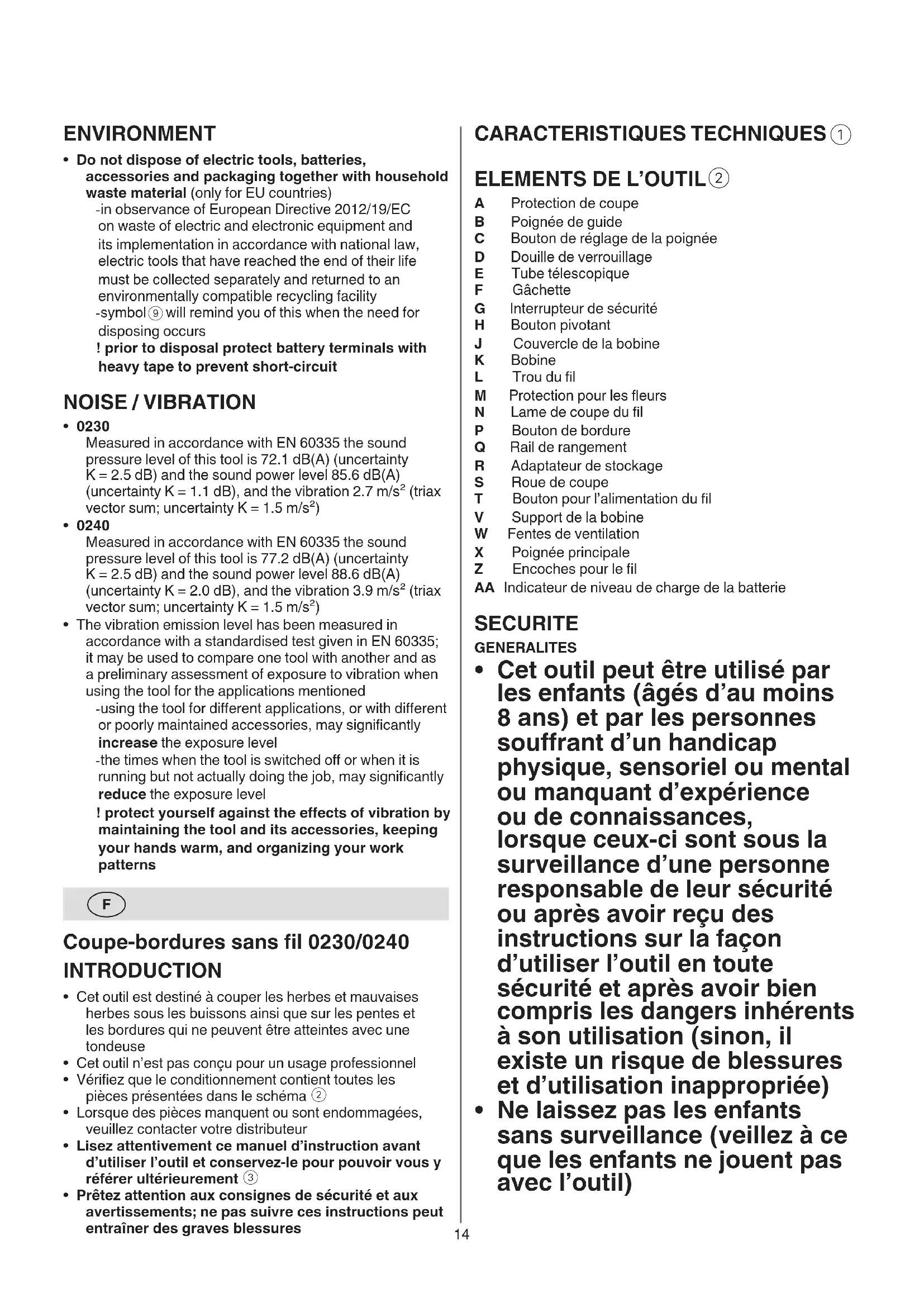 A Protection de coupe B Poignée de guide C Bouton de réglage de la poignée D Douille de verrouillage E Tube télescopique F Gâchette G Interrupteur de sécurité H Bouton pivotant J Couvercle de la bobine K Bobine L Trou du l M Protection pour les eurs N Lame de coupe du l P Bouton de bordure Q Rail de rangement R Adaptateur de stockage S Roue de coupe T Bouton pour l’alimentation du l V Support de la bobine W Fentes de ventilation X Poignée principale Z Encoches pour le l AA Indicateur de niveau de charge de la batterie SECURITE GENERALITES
================================
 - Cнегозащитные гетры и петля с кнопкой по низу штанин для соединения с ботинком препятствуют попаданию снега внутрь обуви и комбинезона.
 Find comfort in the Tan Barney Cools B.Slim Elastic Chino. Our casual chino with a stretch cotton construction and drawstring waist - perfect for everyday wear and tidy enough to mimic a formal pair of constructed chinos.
================================
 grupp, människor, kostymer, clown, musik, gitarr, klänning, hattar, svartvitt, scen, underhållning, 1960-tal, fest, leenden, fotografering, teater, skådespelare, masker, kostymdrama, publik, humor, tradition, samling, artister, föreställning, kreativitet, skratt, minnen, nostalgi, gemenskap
================================
## About this task
Only those lines of the entries above that run from the line containing "- Cнегозащитные гетры" to the line containing "Find comfort in", both included, should be transcribed exactly.

## Task answer
 - Cнегозащитные гетры и петля с кнопкой по низу штанин для соединения с ботинком препятствуют попаданию снега внутрь обуви и комбинезона.
 Find comfort in the Tan Barney Cools B.Slim Elastic Chino. Our casual chino with a stretch cotton construction and drawstring waist - perfect for everyday wear and tidy enough to mimic a formal pair of constructed chinos.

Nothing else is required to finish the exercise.